Risikobewusstsein wächst

Der tägliche Stress durch das Internet

Zwar sehen Jugendliche das Internet vermehrt kritisch, aber darauf verzichten wollen sie deshalb nicht. FOTO: dpa / Bernd Wüstneck

Hamburg/Stuttgart . Von Mobbing bis Zeitverschwendung – immer mehr Jugendliche sehen Risiken darin, ständig online zu sein.

Nutzt du das Internet? Diese Frage erscheint jungen Menschen heutzutage vollkommen lächerlich. „Die komplette Kommunikation läuft mittlerweile über das Netz. Es ist in keinem Lebensbereich mehr wegzudenken“, sagt Michael Vrazitulis. Der 20-Jährige bestätigt damit, was eine Studie des Deutschen Instituts für Vertrauen und Sicherheit im Internet (DIVSI) festgestellt hat. Demnach nutzen 99 Prozent der befragten 14- bis 24-Jährigen das Internet täglich. Und dennoch regen sich unter den Jugendlichen langsam auch Bedenken. Die 17-jährige Abigail Köster sagt: „Ich nutze das Internet hauptsächlich zur Recherche. Ich bin zwar bei sozialen Netzwerken angemeldet, kann aber auch gut ohne.“ Sie sieht bei der Nutzung zu viele potenzielle Risiken: „Was einmal im Netz ist, verschwindet nicht mehr.“

54 Prozent der befragten Jugendlichen und jungen Erwachsenen veröffentlichen laut Umfrage in den sozialen Netzwerken selten bis nie etwas, weil sie so wenige Daten wie möglich von sich preisgeben wollen.

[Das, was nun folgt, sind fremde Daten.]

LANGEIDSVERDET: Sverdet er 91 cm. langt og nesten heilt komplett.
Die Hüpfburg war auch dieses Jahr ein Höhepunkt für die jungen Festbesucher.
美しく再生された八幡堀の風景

Die Befragten hätten vor allem die Sorge, dass persönliche Informationen über sie veröffentlicht oder falsche Angaben über sie gemacht würden. Sogenannte Fake-Profile, also gefälschte Nutzerprofile in den sozialen Medien, nähmen 44 Prozent der Befragten als eines der größten persönlichen Risiken im Netz wahr. Rund zwei Drittel der Jugendlichen sind laut Studie der Meinung, es gebe im Internet eine Beleidigungskultur und wer sich dort äußere, müsse damit rechnen beleidigt oder beschimpft zu werden. „Cyber-Mobbing ist ein großes Problem“, so Köster.

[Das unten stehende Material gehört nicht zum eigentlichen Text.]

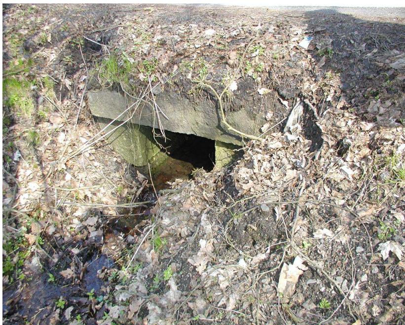
Km 1,071 pohled na výtok propustku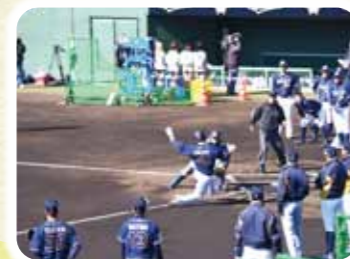
オリックス・バファローズキャンプ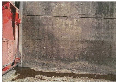
写真② 白石頭首工の老朽化状況

In der Studie Jugend, Information und Medien (JIM) 2018 gaben elf Prozent der befragten Jugendlichen zwischen 12 und 19 Jahre an, dass schon einmal peinliche oder beleidigende Fotos oder Videos, auf denen sie zu sehen waren, veröffentlicht wurden. Kontakt mit Hassbotschaften im Netz hat laut Studie bereits der überwiegende Teil der jungen Menschen gehabt. 21 Prozent der Umfrageteilnehmer seien schon häufiger Feindseligkeiten im Netz begegnet, weiteren 17 Prozent passiere dies zumindest gelegentlich und 28 Prozent hätten damit eher selten zu tun. Nur etwa ein Drittel der Jugendlichen antwortete, noch nie mit Hassbotschaften konfrontiert gewesen zu sein. 34 Prozent der Jugendlichen gaben in der JIM-Studie an, dass in ihrem Bekanntenkreis schon einmal jemand Opfer von Cyber-Mobbing, also Drangsalierung in Online-Foren oder den sozialen Medien, wurde.